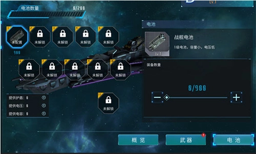 电池就好比舰船的护盾,配备更高级、数量更多的电池能够增加舰船的血量(在PVE模式下,每艘船会自动被装满电池)
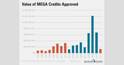 In the three-year period from 2008 to 2010 the state made 320 deals and awarded an estimated $2.5 billion in tax subsidies. The MEGA tax credit was discontinued in 2011, but the state is on the hook for paying out tax credits for up to 20 years. Gov. Rick Snyder has kept the policy of awarding tax subsidies alive via other state incentive programs.
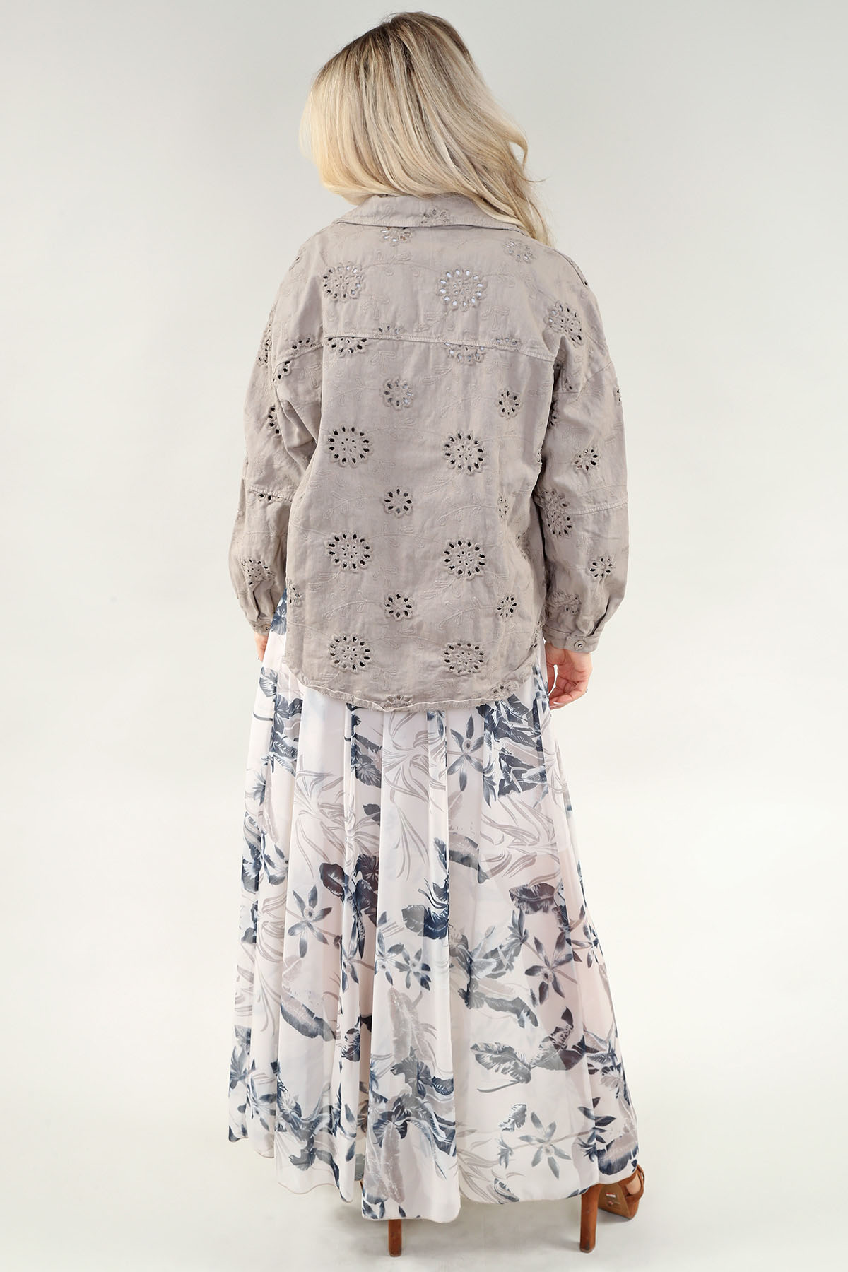Ls Jacket – Cutwork Floral Motifs in A/S Warm taupe Jacket Jeans
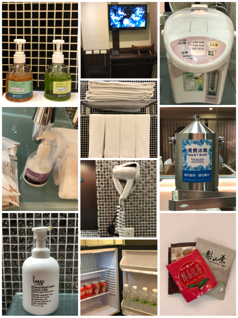 房間約10-11坪,基本配備如圖,熱水壺、咖啡包、茶包、飲料、礦泉水、沐浴用品、免費冰塊等。
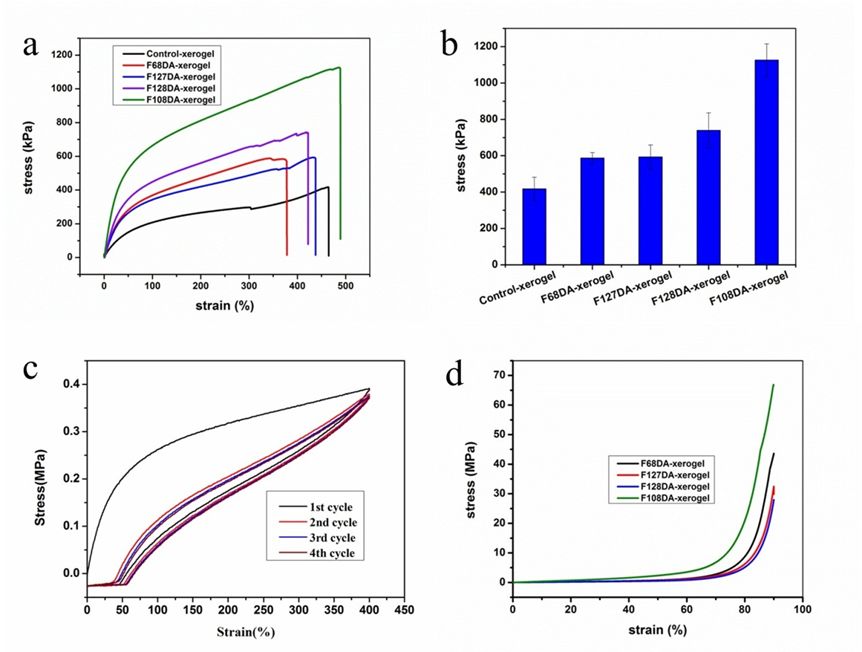 图5. 普朗尼克干凝胶与对照组干凝胶的(a)拉伸应力-应变曲线以及(b)对应的拉伸强度; (c)F108DA干凝胶在伸长率为400%下的应力应变曲线; (d)普朗尼克干凝胶在压缩应变为90%时的应力-应变曲线
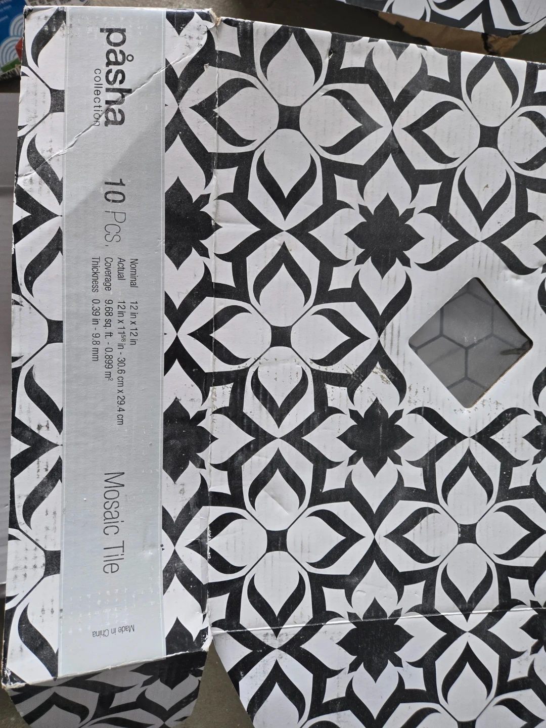 Selling 14 pives of Pasha Collection Mosaic Tile. The box includes 10 pieces of hexagon-shaped tiles. Each tile measures approximately 12 in x 12 in, covering 9.68 sq ft. The thickness of each tile is about 0.39 in.
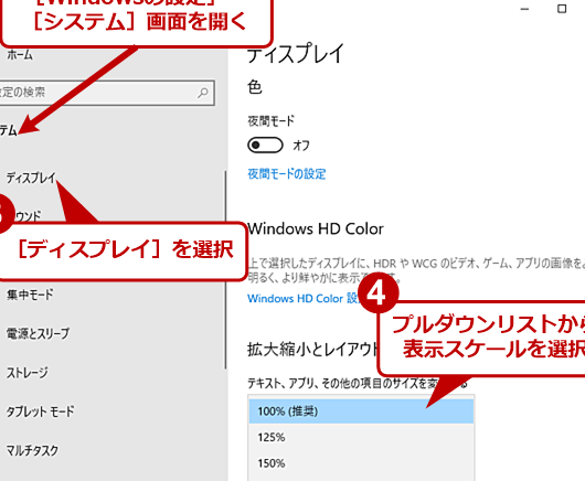 ディスプレイ設定で画面の表示サイズを変更することができます。設定アプリを開き、「システム」→「ディスプレイ」を選択します。そこで、スケールの設定を変更することができます。
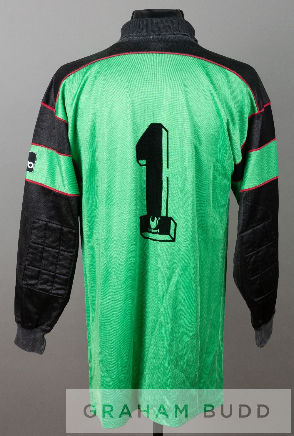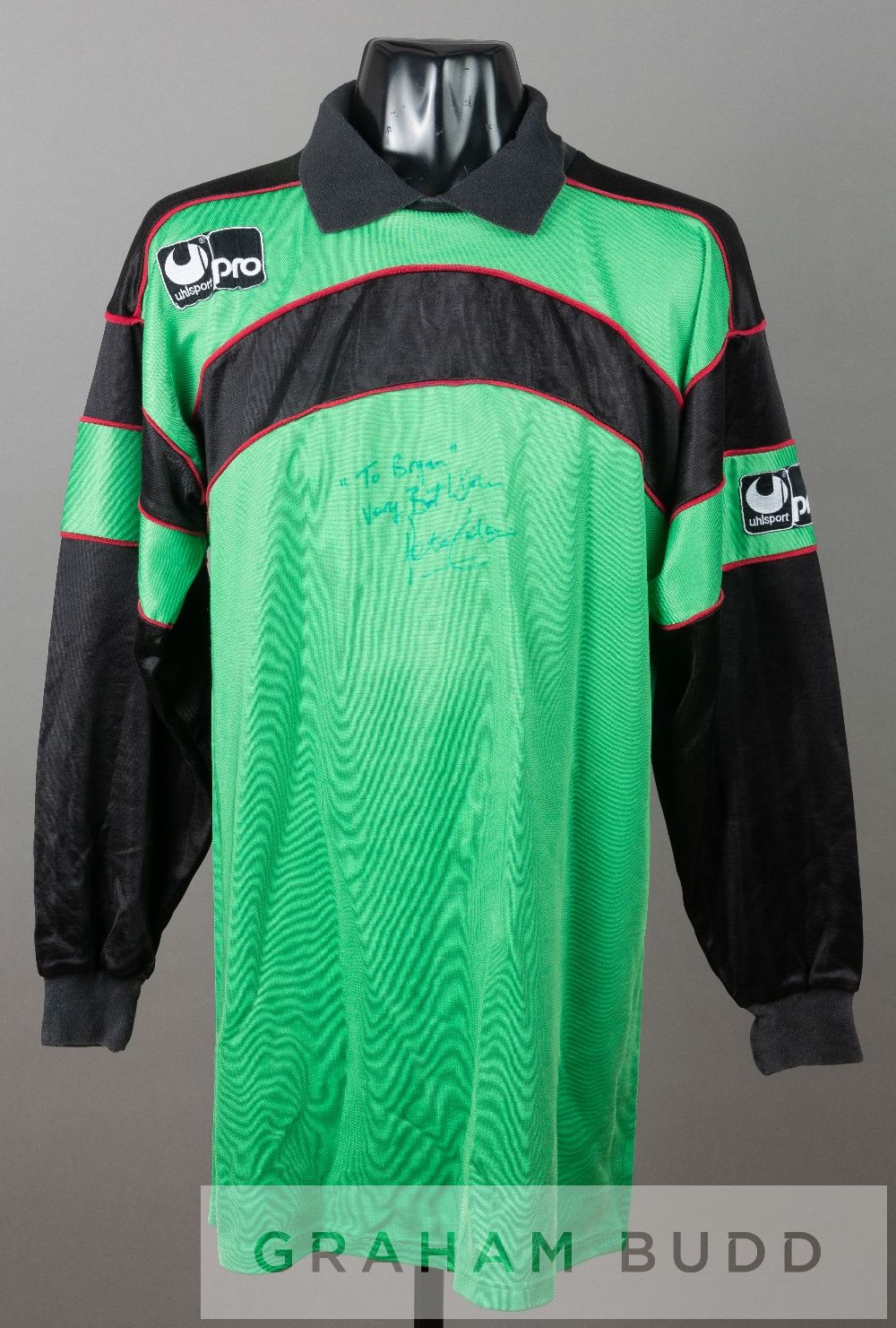 Peter Shilton signed green Derby County no.1 goalkeeper's jersey, circa 1990, by Uhlsport, long-sleeved with padded elbows, club crest and sponsor logo, reverse numbered 1, signed in blue marker pen with dedication to Bryan Horsnell "to Bryan very best wishes Peter Shilton" Derby County's jersey sponsor at this time was Umbro. However Peter Shilton had a special arrangement and could wear goal keeping jersey's made by Uhlsport.

· · · · · · ·

Lines from the start of the material through the line containing "ディスプレイ設定で画面の表示" are to be restated word for word; no picture may be included.

 电池就好比舰船的护盾,配备更高级、数量更多的电池能够增加舰船的血量(在PVE模式下,每艘船会自动被装满电池)
 In the three-year period from 2008 to 2010 the state made 320 deals and awarded an estimated $2.5 billion in tax subsidies. The MEGA tax credit was discontinued in 2011, but the state is on the hook for paying out tax credits for up to 20 years. Gov. Rick Snyder has kept the policy of awarding tax subsidies alive via other state incentive programs.
Ls Jacket – Cutwork Floral Motifs in A/S Warm taupe Jacket Jeans
 房間約10-11坪,基本配備如圖,熱水壺、咖啡包、茶包、飲料、礦泉水、沐浴用品、免費冰塊等。
 图5. 普朗尼克干凝胶与对照组干凝胶的(a)拉伸应力-应变曲线以及(b)对应的拉伸强度; (c)F108DA干凝胶在伸长率为400%下的应力应变曲线; (d)普朗尼克干凝胶在压缩应变为90%时的应力-应变曲线
 Selling 14 pives of Pasha Collection Mosaic Tile. The box includes 10 pieces of hexagon-shaped tiles. Each tile measures approximately 12 in x 12 in, covering 9.68 sq ft. The thickness of each tile is about 0.39 in.
 ディスプレイ設定で画面の表示サイズを変更することができます。設定アプリを開き、「システム」→「ディスプレイ」を選択します。そこで、スケールの設定を変更することができます。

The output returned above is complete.